The disclosure also provides compositions that comprise a biradial SNA of the disclosure, or a plurality thereof. In some embodiments, the composition further comprises a pharmaceutically acceptable carrier. The term “carrier” refers to a vehicle within which the biradial SNA as described herein is administered to a subject. Any conventional media or agent that is compatible with the biradial SNAs according to the disclosure can be used. The term carrier encompasses diluents, excipients, adjuvants and a combination thereof. Pharmaceutically acceptable carriers are well known in the art (see, e.g., Remington's Pharmaceutical Sciences by Martin, 1975, the entire disclosure of which is herein incorporated by reference).

Exemplary “diluents” include water for injection, saline solution, buffers such as Tris, acetates, citrates or phosphates, fixed oils, polyethylene glycols, glycerine, propylene glycol or other synthetic solvents. Exemplary “excipients” include but are not limited to stabilizers such as amino acids and amino acid derivatives, polyethylene glycols and polyethylene glycol derivatives, polyols, acids, amines, polysaccharides or polysaccharide derivatives, salts, and surfactants; and pH-adjusting agents.

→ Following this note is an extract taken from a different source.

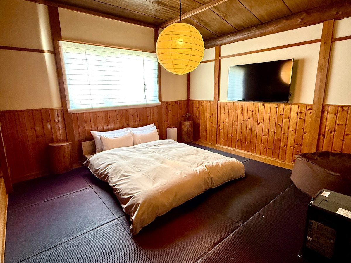 Located an 8-minute walk from the Ryotsu Port Terminal of Sado Kisen Steamship, the house can be rented out for a maximum of 8 people. Please be assured that this is not a type of accommodation shared with other guests. There is a living and dining space, a sauna, a Jacuzzi, and a fully equipped kitchen so you can cook. There are four bedrooms. Each room has 2 single beds, for a total of 8 beds.
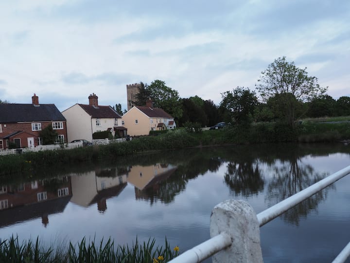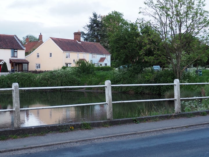可爱的小屋,毗邻教堂、池塘和公共区域。

Uses of Biradial SNAS to Treat a Disorder

In some embodiments, a biradial SNA of the disclosure is used to treat a disorder. Thus, in some aspects, the disclosure provides methods of treating a disorder comprising administering an effective amount of a biradial SNA or composition of the disclosure to a subject (e.g., a human subject) in need thereof, wherein the administering treats the disorder. In various embodiments, the disorder is cancer, a neurological disorder, a cardiovascular disease, a liver disorder, a kidney disease, or a combination thereof. An “effective amount” of the biradial SNA is an amount sufficient to, for example, treat, ameliorate, and/or prevent the disorder.

A biradial SNA of the disclosure can be administered via any suitable route, for example and without limitation parenteral administration, intravenous, intraarterial, intraperitoneal, intranasal, intrathecal, and/or subcutaneous administration. A combination of different routes of administration, separately or at the same time, is also contemplated by the disclosure.

Therapeutic Agents

In some embodiments, the biradial SNAs or compositions comprising a biradial SNA provided herein further comprise a therapeutic agent, or a plurality thereof. In some embodiments, the therapeutic agent is attached directly to the liposomal core of the biradial SNA. In some embodiments, the disclosure provides biradial SNAs wherein one or more therapeutic agents are covalently and/or non-covalently associated with oligonucleotides in the shell of oligonucleotides that is attached to the exterior of the liposomal core of the biradial SNA. It will also be understood that non-covalent associations include hybridization, protein binding, and/or hydrophobic interactions. In some embodiments, a therapeutic agent is administered separately from a biradial SNA of the disclosure. Thus, in some embodiments, a therapeutic agent is administered before, after, or concurrently with a biradial SNA of the disclosure to treat a disorder.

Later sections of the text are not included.